Building a descriptive analysis

Once a dataset is cleaned and ready for statistical analysis, the first step is typically to summarize it. The univariate_table() function makes it easy to create a custom descriptive analysis while consistently producing clean, presentation-ready output. It is built to integrate directly into your analysis work flow (e.g.

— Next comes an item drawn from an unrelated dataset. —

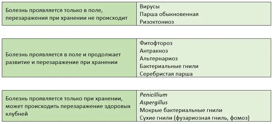 В период хранения картофеля некоторые из болезней не проявляют себя. Визуальное их проявление можно увидеть только в поле. При хранении ситуация обычно такая – сколько было заболевших клубней, столько и осталось. К этим болезням относятся вирусы, которые сохраняются внутри клубня и не передаются от клубня к клубню во время хранения. Тоже самое относится к парше обыкновенной и септориозу.

R markdown) but can also be called from the console and be rendered in a number of formats.

require(cheese)

heart_disease %>%
  univariate_table()

By default, an HTML table is produced containing descriptive statistics for columns in the dataset.

Custom string templates

In the table above, the summary statistics are presented within the cells in a particular format for different types of data. You can use the _summary arguments to customize not only the appearance that the results are presented with, but the values that go into the results themselves.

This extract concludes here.